» WHAT TO PRODUCE: From the data below, copy exactly the lines that lie between the one holding "MAZZOLA LUCE Crocifisso" and the one holding "367m仓库 181m纯币 满体满负", including both, and nothing more.

#### EXTRACTED ENTRIES ####

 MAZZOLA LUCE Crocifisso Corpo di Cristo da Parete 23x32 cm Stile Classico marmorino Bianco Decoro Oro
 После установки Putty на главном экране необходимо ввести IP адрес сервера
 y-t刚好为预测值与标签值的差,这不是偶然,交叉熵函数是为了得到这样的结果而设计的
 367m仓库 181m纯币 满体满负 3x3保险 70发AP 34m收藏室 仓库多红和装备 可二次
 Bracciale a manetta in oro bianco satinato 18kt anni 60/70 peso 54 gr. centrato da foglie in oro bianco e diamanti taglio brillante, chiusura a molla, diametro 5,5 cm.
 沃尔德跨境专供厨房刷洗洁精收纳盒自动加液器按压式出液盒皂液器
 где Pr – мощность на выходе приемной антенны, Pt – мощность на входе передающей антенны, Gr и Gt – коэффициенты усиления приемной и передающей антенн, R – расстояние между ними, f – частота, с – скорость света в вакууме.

####
#### EXTRACTED ENTRIES ####

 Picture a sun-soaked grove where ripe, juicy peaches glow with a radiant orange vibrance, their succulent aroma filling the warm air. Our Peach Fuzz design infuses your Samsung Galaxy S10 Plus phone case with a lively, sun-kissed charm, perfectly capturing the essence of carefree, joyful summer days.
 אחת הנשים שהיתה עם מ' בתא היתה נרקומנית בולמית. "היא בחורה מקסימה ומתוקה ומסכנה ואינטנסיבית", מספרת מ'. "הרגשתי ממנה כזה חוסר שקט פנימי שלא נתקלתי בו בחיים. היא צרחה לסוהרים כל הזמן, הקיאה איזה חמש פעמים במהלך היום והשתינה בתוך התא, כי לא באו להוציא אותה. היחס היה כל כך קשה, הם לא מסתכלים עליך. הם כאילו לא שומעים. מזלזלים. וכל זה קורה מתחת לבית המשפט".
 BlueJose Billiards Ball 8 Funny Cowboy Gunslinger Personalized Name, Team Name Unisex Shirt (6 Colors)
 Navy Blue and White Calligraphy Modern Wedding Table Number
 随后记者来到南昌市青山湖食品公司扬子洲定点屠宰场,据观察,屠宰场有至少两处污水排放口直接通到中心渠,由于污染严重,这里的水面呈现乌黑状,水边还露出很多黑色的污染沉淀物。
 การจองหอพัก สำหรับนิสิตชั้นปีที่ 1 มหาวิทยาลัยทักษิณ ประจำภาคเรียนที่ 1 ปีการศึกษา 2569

####

» ANSWER:
 MAZZOLA LUCE Crocifisso Corpo di Cristo da Parete 23x32 cm Stile Classico marmorino Bianco Decoro Oro
 После установки Putty на главном экране необходимо ввести IP адрес сервера
 y-t刚好为预测值与标签值的差,这不是偶然,交叉熵函数是为了得到这样的结果而设计的
 367m仓库 181m纯币 满体满负 3x3保险 70发AP 34m收藏室 仓库多红和装备 可二次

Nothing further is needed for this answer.